Mark Jackson struggled to get his film seen anywhere, until Showmax picked it up.
Mark Jackson struggled to get his film seen anywhere, until Showmax picked it up.

An independently made, low-budget local film has topped the viewing charts on streaming service Showmax.

Girl from Nowhere, directed by Cape Town film maker Mark Jackson, sees a couple pick up a mysterious hitchhiker – and then can’t get rid of her. It was picked up by Showmax and became its most watched film on the platform for nearly two weeks after its release on July 1.

Showmax wrote on its website: “After its debut ... the grindhouse thriller stayed in the top 10 position for 10 weeks.
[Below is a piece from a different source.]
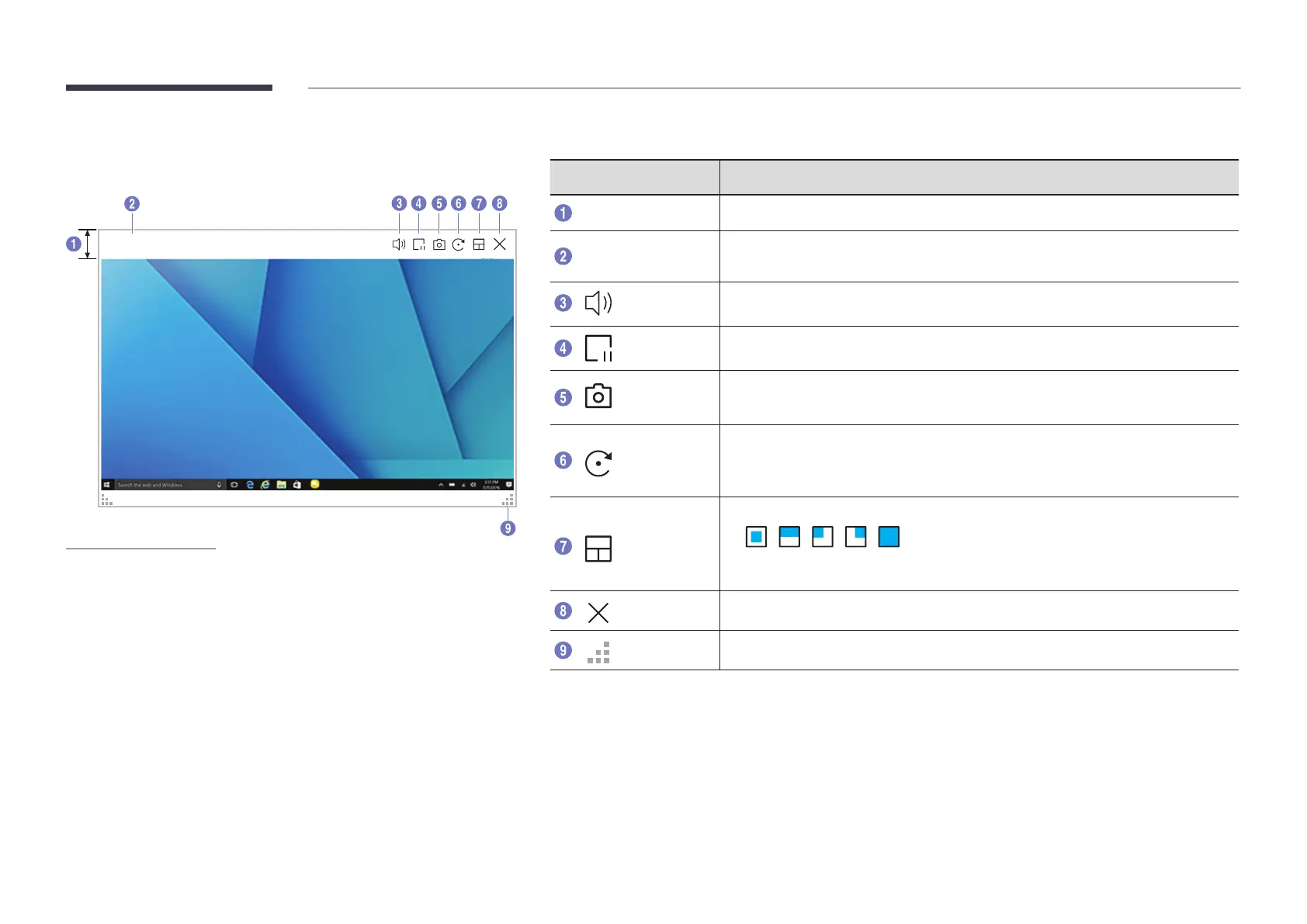 The icon images are for position reference only. The size of the screen may differ

At the time of writing [October 31], Girl from Nowhere was the 11th most popular movie of the year on Showmax so far, across both local and international titles.”

Jackson is thrilled with the movie’s success, telling City Press in an email that at first, no one wanted to pick it up.

“My dodgy, no-budget movie was rejected by everyone. Most of the local distributors wouldn’t even watch it. But then I managed to squeeze it into the Cape Town film festival last year at the very last minute for one 12pm screening, attended by eight people – and then in June this year, finally, Showmax bought it.”

The movie stars Tamryn Speirs, Scot Cooper and Christia Visser. Visser also performed in the docu-drama Alison, a film about the brutal rape and stabbing of Alison Botha that took place in Port Elizabeth more than two decades ago.

Girl from Nowhere was shot by hand-held camera in 13 days, with a crew of just six people on Petersfield farm in Citrusdal in the Cedarberg, and Johnson used his own money.

“It cost much less than a low-budget TV commercial.”

We asked Jackson why he thought the film had been successful on Showmax. “I think Showmax viewers are looking for something different. South Africa is producing some great Afrikaans films, which is wonderful, but perhaps there’s also a need for even more local films in other languages too, and in this case, more English-language movies?”

He hopes that the film’s success will inspire others starting out in the industry.

“It might just inspire other local emerging film makers to just go for it and make a movie, even if they have no formal film degree, even if the National Film and Video Foundation rejects their script, and even if they have no funding and need to film and edit it themselves.

“And once made, the battle isn’t over. But they can still do it, despite all the naysayers, if they really stick to it. Underground films can succeed.”